Bonjour aimable scélérat, bonjour affreux gueux, bonjour toi, bonjour vous. Si je te tenais je t’en donnerais une soignée, de pile, que tu n’aurais pas VOLÉEa. Est-il possible de se moquer d’une pauvre Juju comme vous le faites, hein ? Laisser acheter des provisions très chères, faire veiller jusqu’à une heure du matin pour vous attendre, comme c’est spirituel et comme c’est adroit. Enfin c’est votre comique à vous, vous n’en avez pas d’autre, il faut bien vous prendre comme ça. D’ailleurs je ne peux pas vous en vouloir, j’ai bien assez de vous désirer. Je ne pense plus maintenant qu’à vous revoir le plus vite possible.

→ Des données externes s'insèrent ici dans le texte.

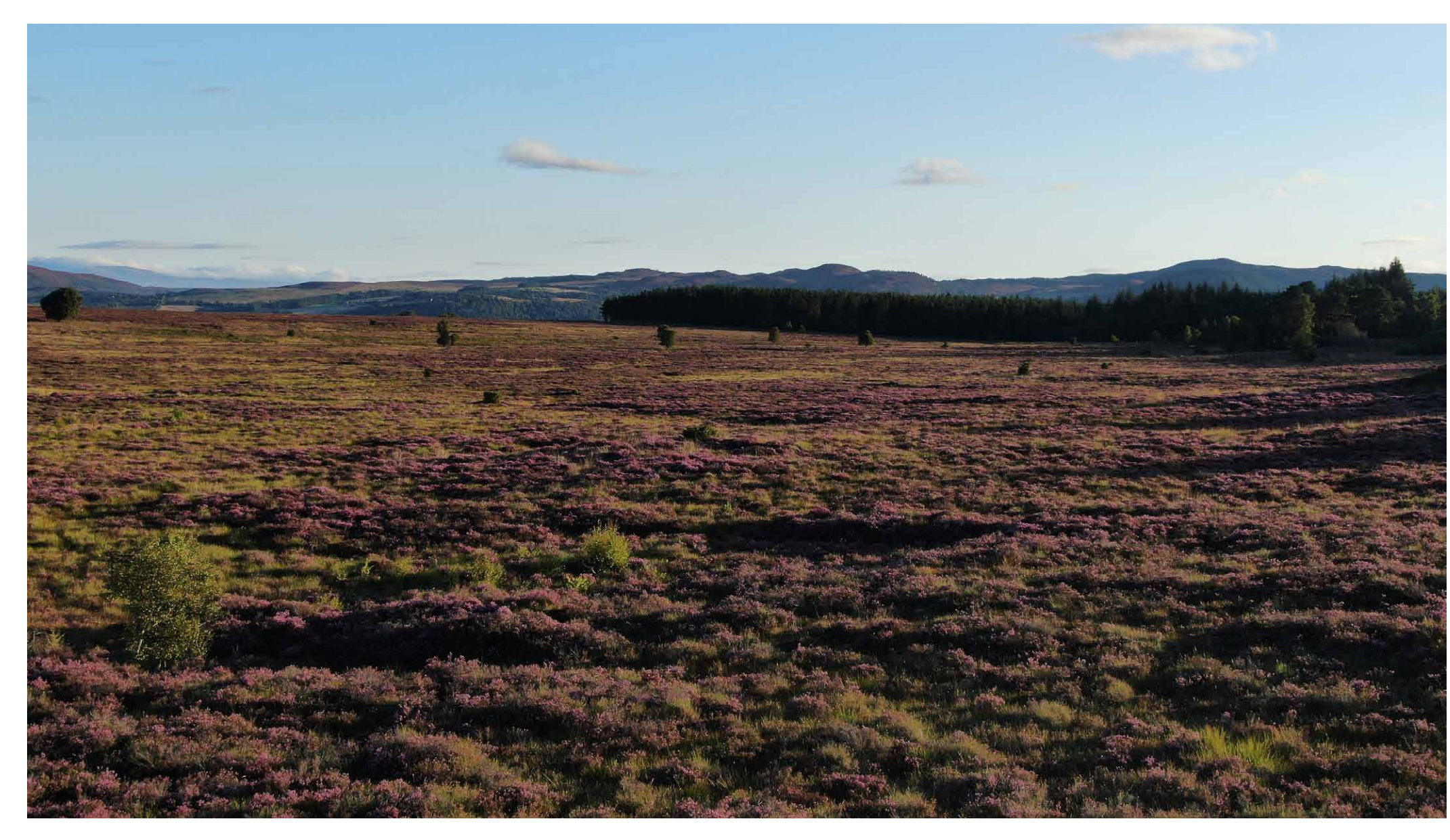
Lot 3 – Upper Lennie woods, Craig Bhallich Woods & Bills Planation Approximately 92.52 Ha (228.63 acres) Lying at the South West portion of the estate this lot comprises an attractive mix of woodland and open spaces which enjoy far reaching views over loch Ness to the

Mondaliath Mountains. This is an attractive lot which lies at the North East of the estate and comprises an attractive mixture of ancient t semi native woodland and conifers as well as some open ground

J’espère, mon adoré, que tu ne seras pas aussi féroce que l’autre fois et que tu ne resteras pas jusqu’à demain soir [1] ? Ma foi, si tu étais capable de me faire autant de mal sans regret, je ne sais pas ce que je deviendrais.
J’ai copiéb juste les deux tiers de ce que tu m’as donné hier, je finirai l’autre tiers tantôt [2]. J’ai copié les inscriptions latines et les inscriptions grecques, tu m’en donneras des bonnes nouvelles. [Πνόρλίτοώ ?] [3] : qu’est-ce que tu dis de ceci cité de mémoire ? Je crois que ce n’est pas mal, hein ? Qu’en dis-tu ? Qu’en dis-tu ? Tu es collé, voilà tout. Je te pardonne ma supériorité. Baise-moi et reviens bien vite, je t’aime.

Juliette

BnF, Mss, NAF 16346, f. 245-246
Transcription de Gwenaëlle Sifferlen assistée de Florence Naugrette

a) « VOLLÉE ».
b) « copier ».


25 septembre [1841], [samedi] après-midi, 4 h. ¾

Je viens de finir de copier entièrement la tâche que vous m’aviez donnéea, mon amour, et je vous attends avec impatience pour vous en redemander bien vite une autre. Après le bonheur de vous entendre CLABAUDER, je n’en connais pas de plus ravissant que de lire vos RAVAUDERIES (style de Mme de Sévigné) [4]. Mâtin de chien, on voit bien que je ne lis pas de la petite BIÈREb à mes citations et à ma manière de goûter ce qui est bon. Tâchez donc, mon Toto, de venir ce soir pour me donner de l’ouvrage vite vite car je suis en train de TRAVAILLER, et encore plus en train de vous AIMER, ce qui exige impérieusement votre présence.
J’ai eu Résisieux, Jonas, Julie et leur bonne tout à l’heure [5]. Elle venait de la distribution des prix [6]. J’ai enfin vu, de mes deux yeux vu, le fameux tableau à l’aiguille représentant un cheval tenant son domestique par la bride, ce qui ne manque pas d’un certain style comme composition et comme exécution et ce qui a valu à la susdite Résisieux le premier prix de………c mémoire. On n’est pas plus logicienne que cette maîtresse d’école et je lui en faisd tous mes compliments en attendant que je puisse vous faire tous mes baisements, car tout ce que je vous dis là n’est qu’une manière de passer le temps fort piteusement en vous désirant de toutes mes forces et de toute mon âme. Baisez-moi, scélérat, et venez bien vite avec votre pauvre

Juju

BnF, Mss, NAF 16346, f. 247-248
Transcription de Gwenaëlle Sifferlen assistée de Florence Naugrette

a) « donné ».
b) « BIERRE ».
c) Il y a dix points de suspension.
d) « fait ».

Notes

[1Pendant l’été 1841, les Hugo ont loué à Saint-Prix, dans le Val-d’Oise, un appartement meublé de la mi-juin à la mi-octobre, et le poète y passe du temps de juillet à octobre pour terminer la rédaction du Rhin.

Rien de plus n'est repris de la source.